- Location: Shewa Robit, Amhara Region, Ethiopia
- Date: 21 March 2021
- Target: Oromos
- Attack type: Murder
- Deaths: 12
- Injured: 0
- Perpetrators: Fano militia (claimed)

= Shewa Robit ambulance massacre =

2021 ethnic cleansing in Amhara Region, Ethiopia

On 21 March 2021, 12 Oromos were killed while in an ambulance riding through the town of Shewa Robit. Fano militia has been suspected as a perpetrator of an attack.

== Background ==
In the days leading up to the attack clashes between Amhara and Oromo militias in and around the towns of Ataye and Kamisee had left hundreds dead and thousands displaced.

==Attack==
After fighting in the region around Ataye, a dozen of civilians that had been injured in the clashes were on their way to be taken to the much larger hospital, Yifat Hospital in Shewa Robit.
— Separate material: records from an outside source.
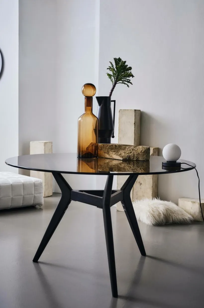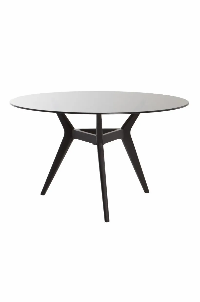Runt, stilrent matbord med ben av acaciaträ som står i kontrast till den rökfärgade bordsskivan av glas. Bordets underrede är en snygg trebent konstruktion som dessutom ger bra utrymme för benen. Runt bordet sitter sex personer bekvämt. Att samlas vid ett runt matbord ger samhörighet och gemenskap.
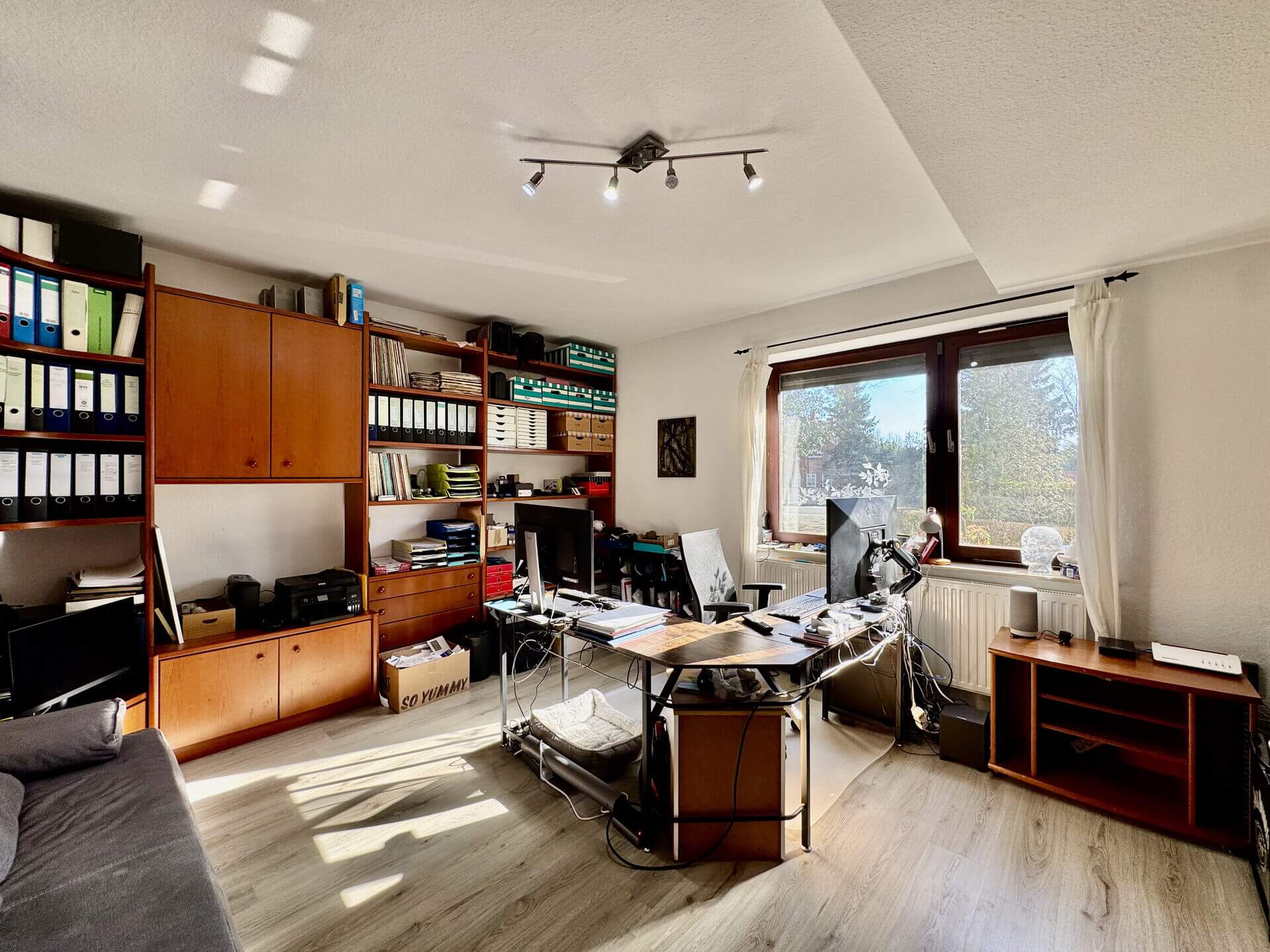 Rechts des Eingangsbereiches liegt das etwa 30 Quadratmeter große Wohnzimmer, das ebenfalls einen direkten Zugang zur Terrasse und zum Garten bietet. Neben dem Wohnzimmer befindet sich ein weiterer Raum, der aktuell als Büro genutzt wird. Das Hauptbad ist mit Dusche und Badewanne ausgestattet und verfügt ebenfalls über ein Außenfenster.
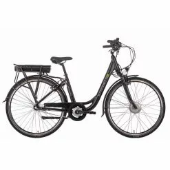 Wartungsarmes, sicheres und einfach zu bedienendes Elektro-Damenfahrrad mit Vorderradmotor und 3 Gängen. Mit diesem E-Bike können Sie gut in der Stadt und auf dem Land, für Pendeln, Schule oder Fahrten in der Umgebung zu tun. In hügeligem Gelände sollten Sie besser einen anderen Typ wählen, aber für normale niederländische Verhältnisse ist dies ein gutes Fahrrad. Die wartungsarme Nabenschaltung schaltet reibungslos, die 3 Unterstützungsmodi, die Sie mit der LED-Anzeige auswählen, geben Ihnen jederzeit einen Schub. Neben den V-Bremsen an beiden Felgen verfügt das Rad über eine Rücktrittbremse. Verschiedene Farben und 2 Rahmengrößen stehen zur Auswahl.
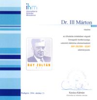 2004. X. 21. - Az Informatikai és Hírközlési Minisztériumban az 1956. október 23-i Forradalom 48. évfordulója alkalmából rendezett ünnepélyen Kovács Kálmán miniszter dr. Ill Márton csillagászt, az Űrkutatási Tudományos Tanács alapító tagját, az űrkutatásban végzett kimagasló munkájáért, valamint életműve elismeréseként Bay Zoltán díjban részesítette. A Miniszter Úr által 2004-ben alapított díj adományozására első alkalommal került sor.
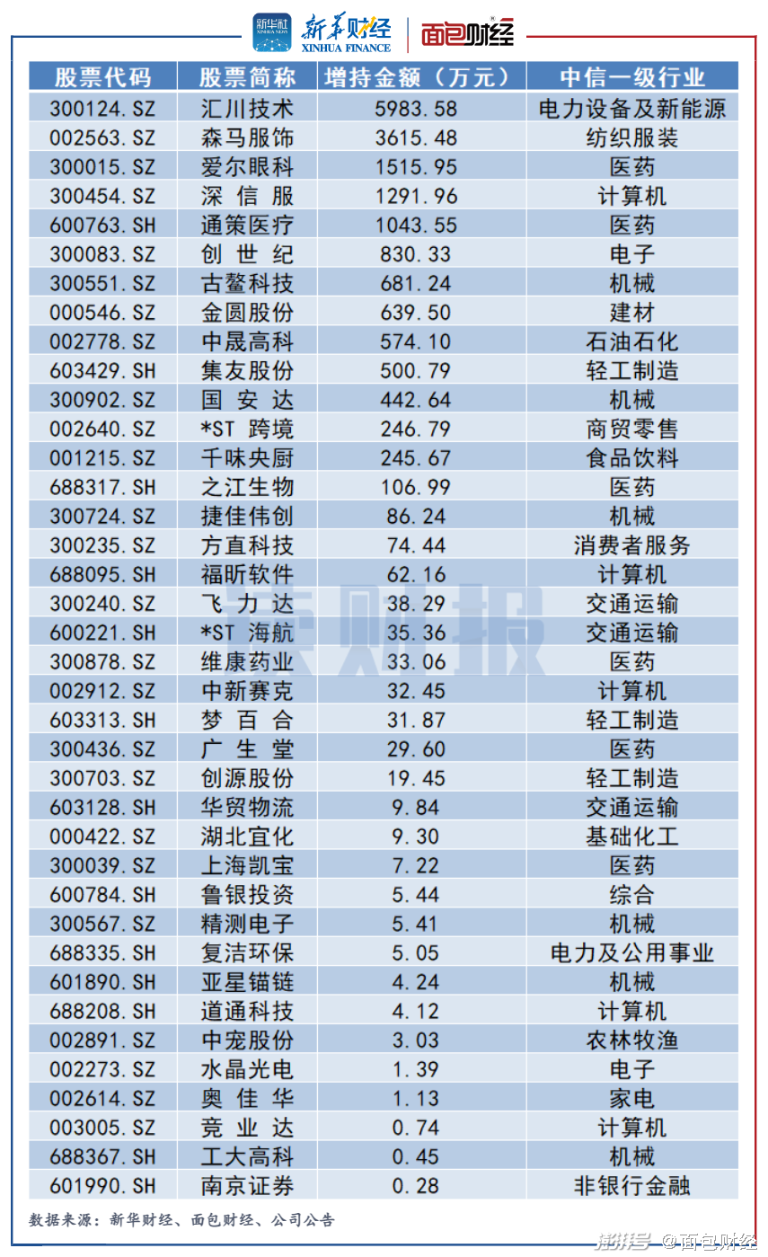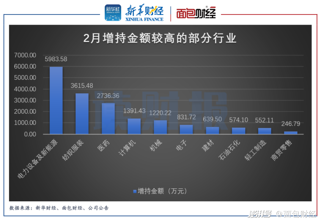 纺织服装行业中,增持金额来自森马服饰。数据显示,森马服饰3位董监高在2月合计增持了3615.48万元。

The ambulance was stopped and 12 civilians were pulled from the ambulance and then beaten and stabbed to death. HRLHA's source identified suspects linked with Fano militia.

==Victims==
List of victims that have been identified.

- Umarsha Umar Yusuf	(45)
- Ahmed Aliyi Hassan (60)
- Hassan Ahmed Jilo (62)
- Sheh Umer Haji Hassan (40)
- Hassan Mohamed Haji (25)
- Mohamed Aliyi Umar (40)
- Abdushe Umar Baza (55)
- Adam Abdushe Umar (25)
- Mohamed Aliyi Hassen (30)
- Ismael Mohammed (35)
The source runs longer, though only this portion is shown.